● Exercise material:
*-*-*
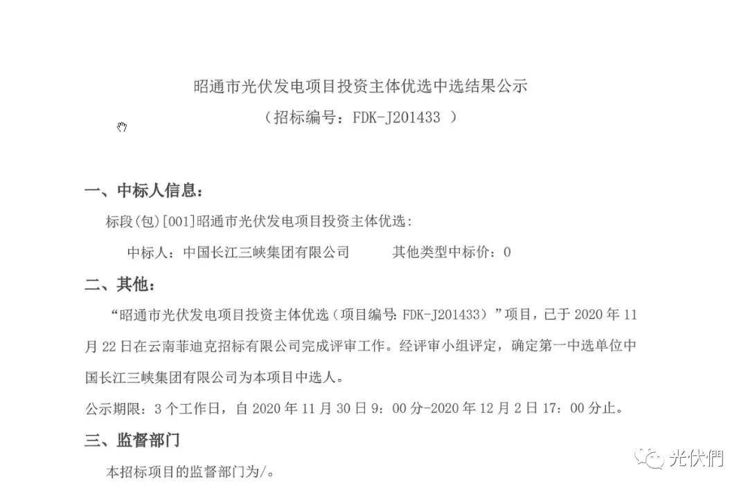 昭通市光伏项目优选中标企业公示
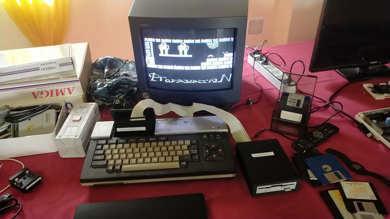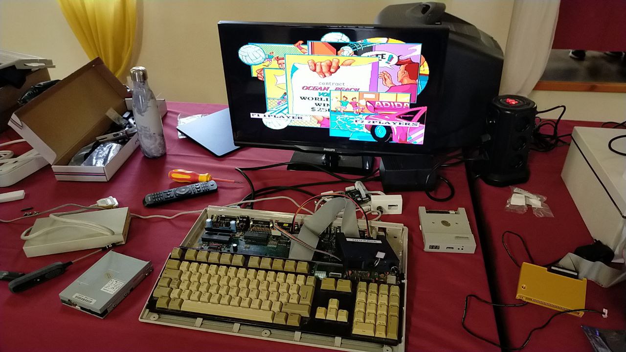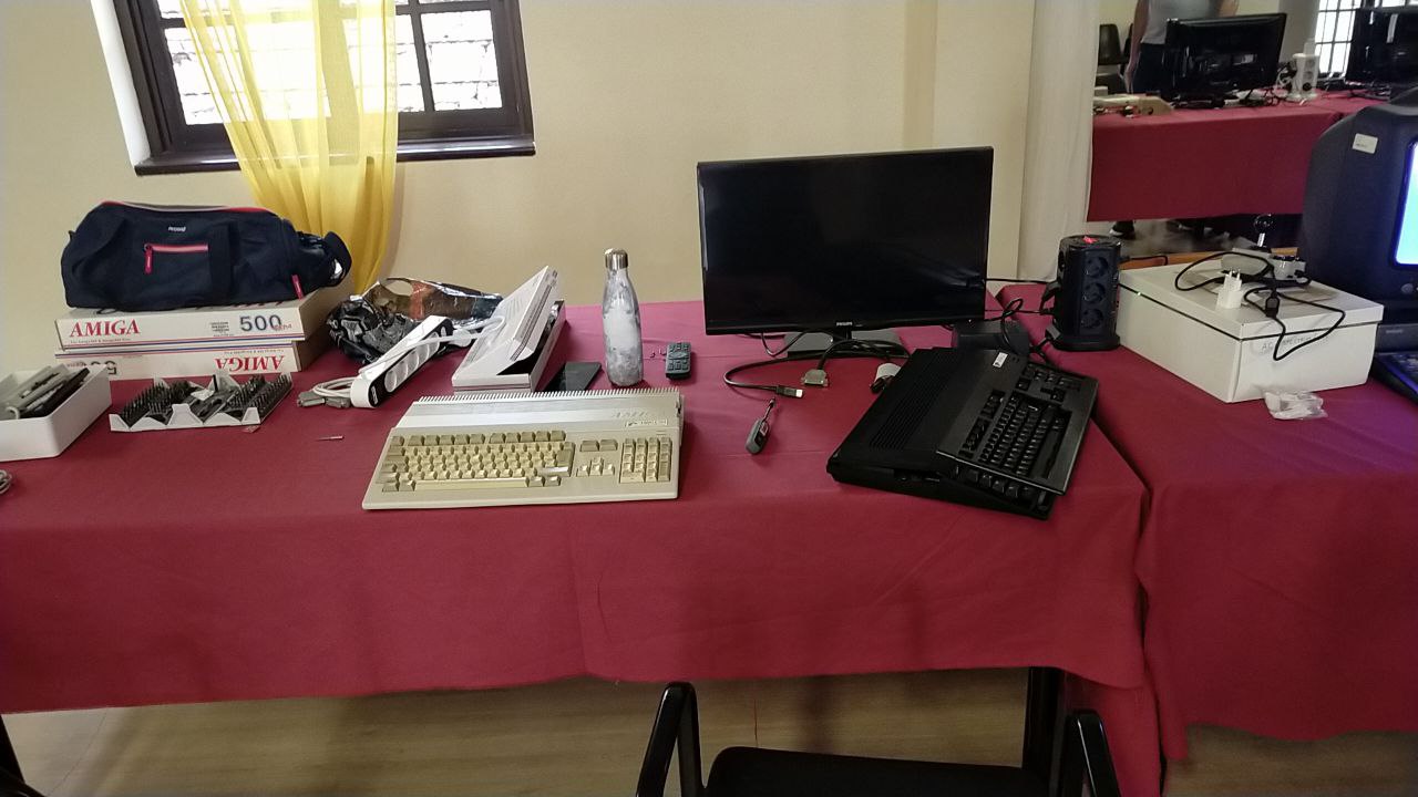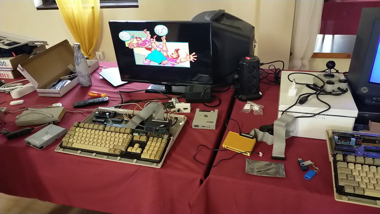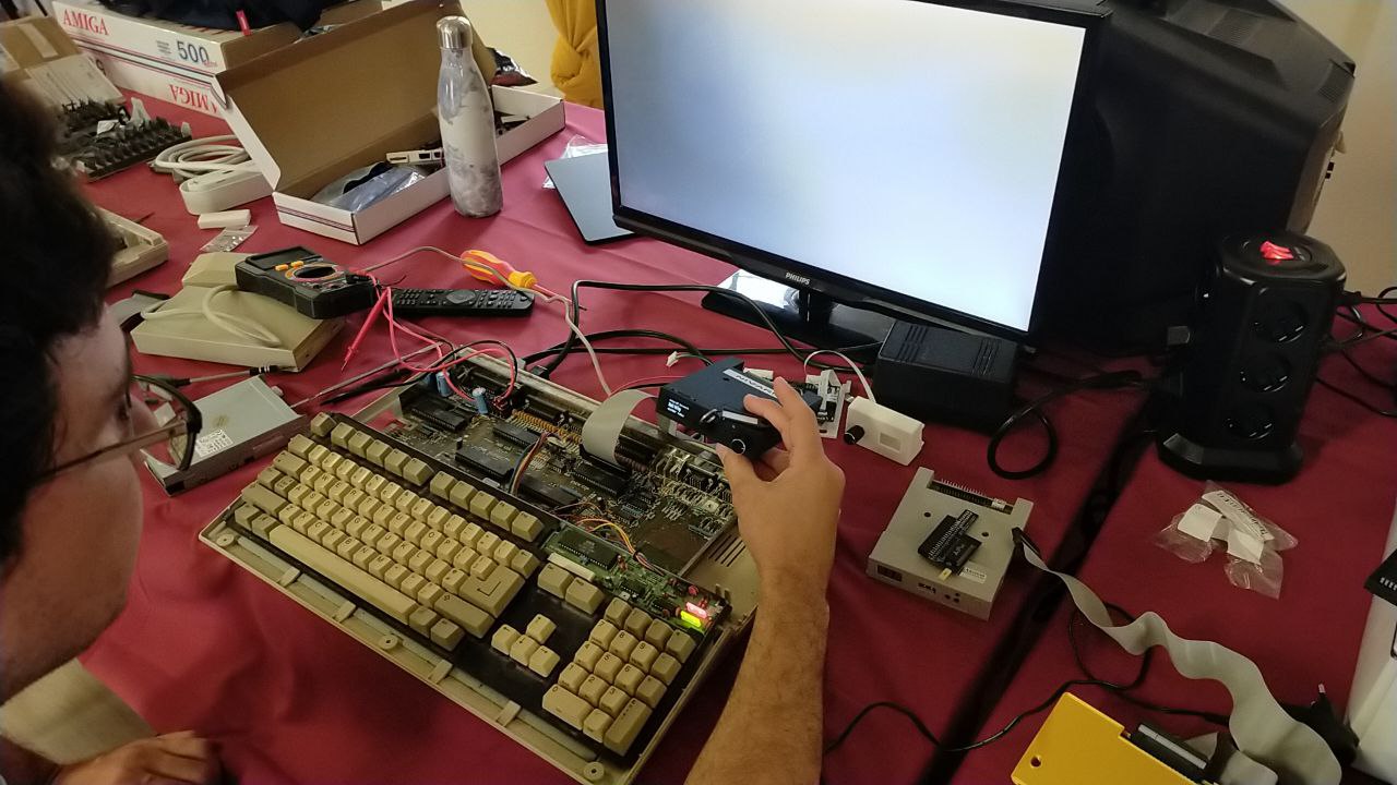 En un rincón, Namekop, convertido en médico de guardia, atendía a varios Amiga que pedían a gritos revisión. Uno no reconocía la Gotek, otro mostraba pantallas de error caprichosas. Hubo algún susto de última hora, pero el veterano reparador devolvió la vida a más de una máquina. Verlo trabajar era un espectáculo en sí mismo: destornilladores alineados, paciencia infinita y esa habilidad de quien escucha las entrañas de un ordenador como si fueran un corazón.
*-*-*
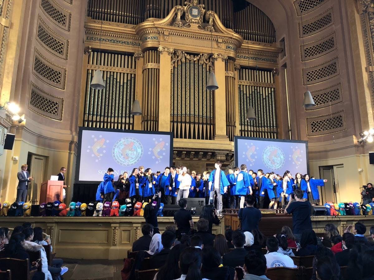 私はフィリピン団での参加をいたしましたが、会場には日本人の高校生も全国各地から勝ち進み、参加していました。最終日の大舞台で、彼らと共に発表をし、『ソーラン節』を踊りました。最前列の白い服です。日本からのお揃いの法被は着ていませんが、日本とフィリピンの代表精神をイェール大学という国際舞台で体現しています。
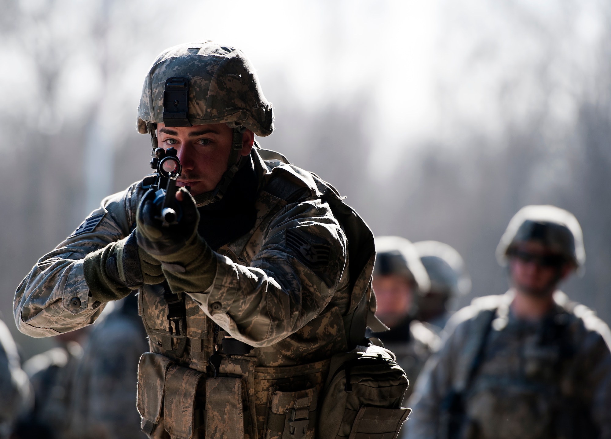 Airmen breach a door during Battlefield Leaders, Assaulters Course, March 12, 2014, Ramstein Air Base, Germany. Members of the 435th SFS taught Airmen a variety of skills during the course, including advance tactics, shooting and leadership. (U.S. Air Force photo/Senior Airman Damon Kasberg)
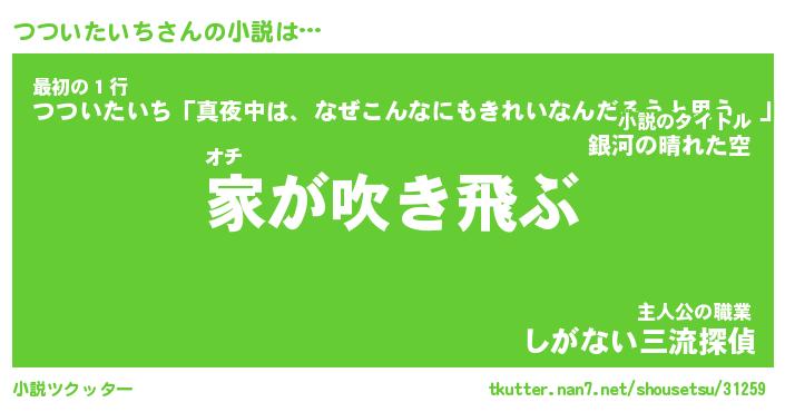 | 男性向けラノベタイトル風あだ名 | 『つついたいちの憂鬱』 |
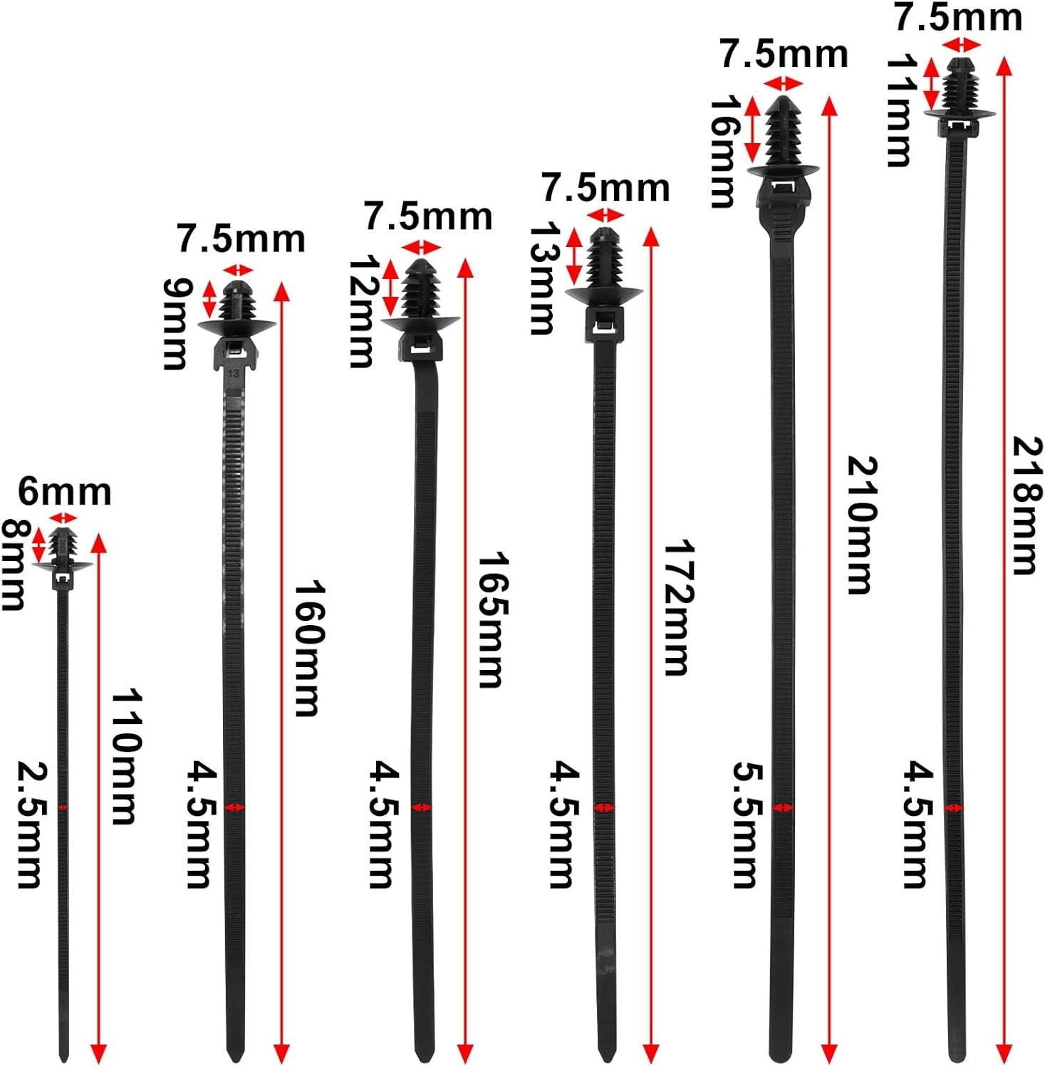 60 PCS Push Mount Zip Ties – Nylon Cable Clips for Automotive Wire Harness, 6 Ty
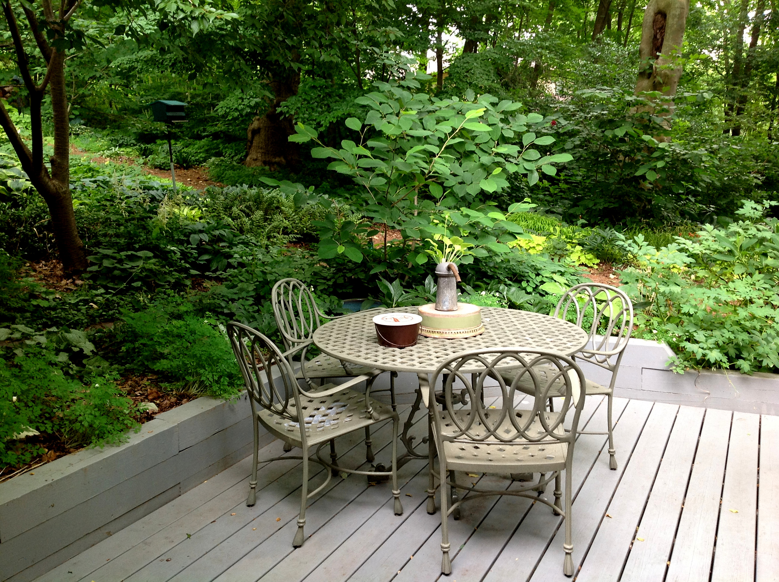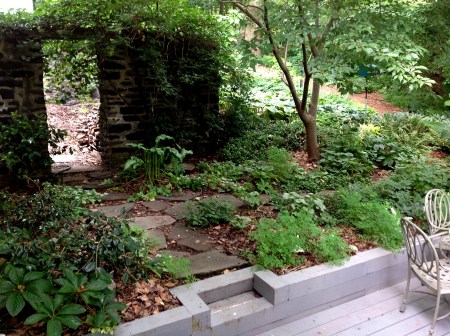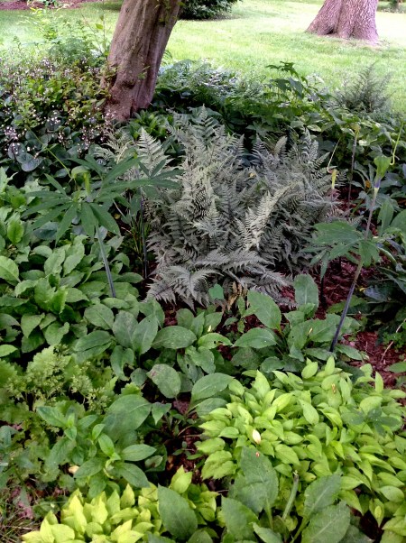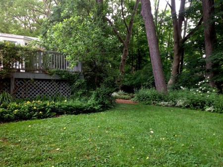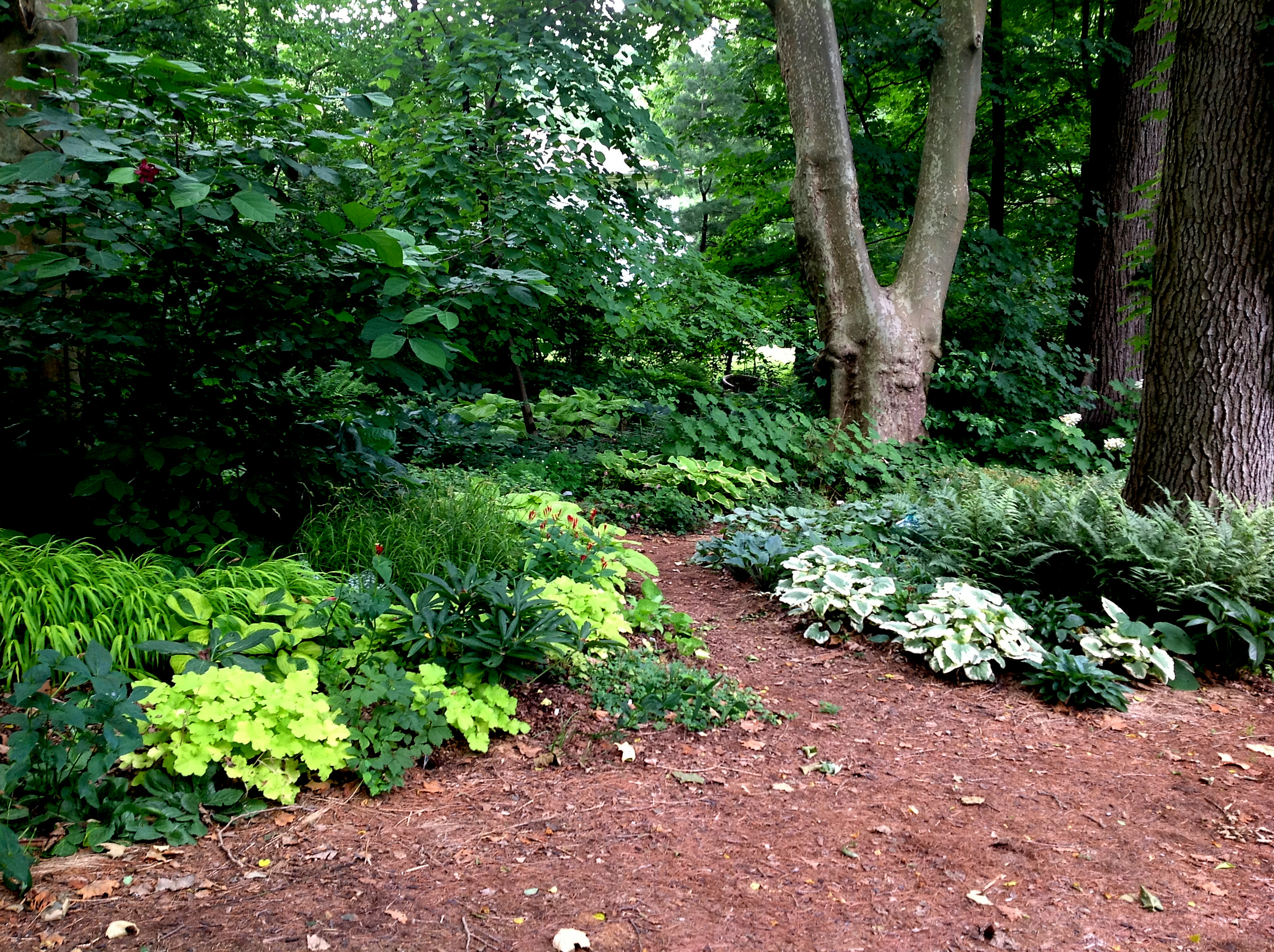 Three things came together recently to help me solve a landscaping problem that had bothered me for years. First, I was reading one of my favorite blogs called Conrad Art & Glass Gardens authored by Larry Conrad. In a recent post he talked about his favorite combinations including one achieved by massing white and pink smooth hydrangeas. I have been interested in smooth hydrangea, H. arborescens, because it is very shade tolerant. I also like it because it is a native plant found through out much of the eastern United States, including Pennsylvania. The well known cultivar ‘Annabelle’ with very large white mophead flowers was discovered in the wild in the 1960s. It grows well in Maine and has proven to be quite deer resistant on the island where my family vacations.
*-*-*
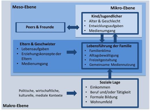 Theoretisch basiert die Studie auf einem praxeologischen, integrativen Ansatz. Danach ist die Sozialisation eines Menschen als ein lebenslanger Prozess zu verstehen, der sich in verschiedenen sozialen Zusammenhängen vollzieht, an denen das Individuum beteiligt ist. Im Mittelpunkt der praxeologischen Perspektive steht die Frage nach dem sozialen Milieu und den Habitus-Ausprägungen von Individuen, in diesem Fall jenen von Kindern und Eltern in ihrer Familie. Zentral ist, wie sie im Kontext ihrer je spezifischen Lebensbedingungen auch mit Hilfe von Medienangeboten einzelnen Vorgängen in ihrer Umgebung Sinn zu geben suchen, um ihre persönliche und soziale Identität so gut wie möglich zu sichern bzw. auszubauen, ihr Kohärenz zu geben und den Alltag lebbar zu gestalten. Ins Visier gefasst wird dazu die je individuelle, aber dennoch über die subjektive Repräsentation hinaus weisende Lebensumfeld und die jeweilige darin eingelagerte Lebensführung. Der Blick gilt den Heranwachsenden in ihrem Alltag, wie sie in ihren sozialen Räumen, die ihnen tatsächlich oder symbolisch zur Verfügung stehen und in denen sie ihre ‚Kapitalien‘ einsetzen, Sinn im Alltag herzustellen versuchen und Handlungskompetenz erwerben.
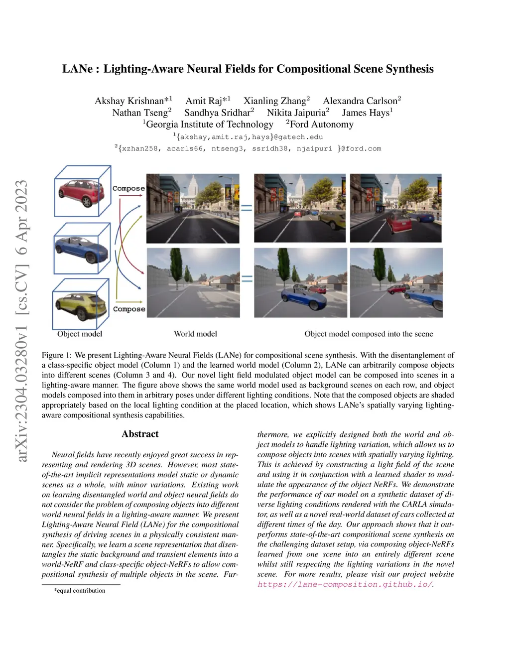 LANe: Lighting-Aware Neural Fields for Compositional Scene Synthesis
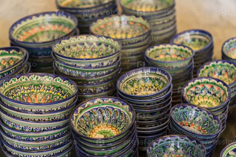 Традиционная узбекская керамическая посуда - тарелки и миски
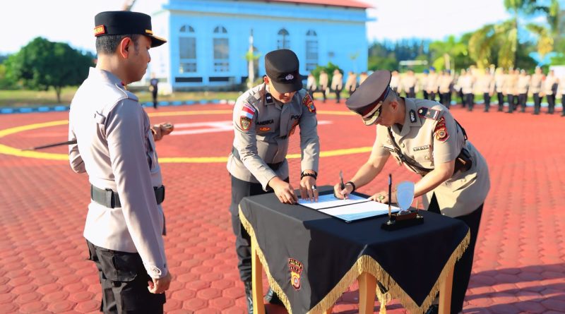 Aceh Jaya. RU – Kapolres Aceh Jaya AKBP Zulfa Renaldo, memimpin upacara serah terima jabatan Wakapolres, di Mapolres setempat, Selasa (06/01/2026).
*-*-*
● Exercise brief:
Set down word for word the lines above from the one with "昭通市光伏项目优选中标企业公示" up to and including the one with "En un rincón, Namekop, convertido". Omit every picture.

● The answer:
 昭通市光伏项目优选中标企业公示
 En un rincón, Namekop, convertido en médico de guardia, atendía a varios Amiga que pedían a gritos revisión. Uno no reconocía la Gotek, otro mostraba pantallas de error caprichosas. Hubo algún susto de última hora, pero el veterano reparador devolvió la vida a más de una máquina. Verlo trabajar era un espectáculo en sí mismo: destornilladores alineados, paciencia infinita y esa habilidad de quien escucha las entrañas de un ordenador como si fueran un corazón.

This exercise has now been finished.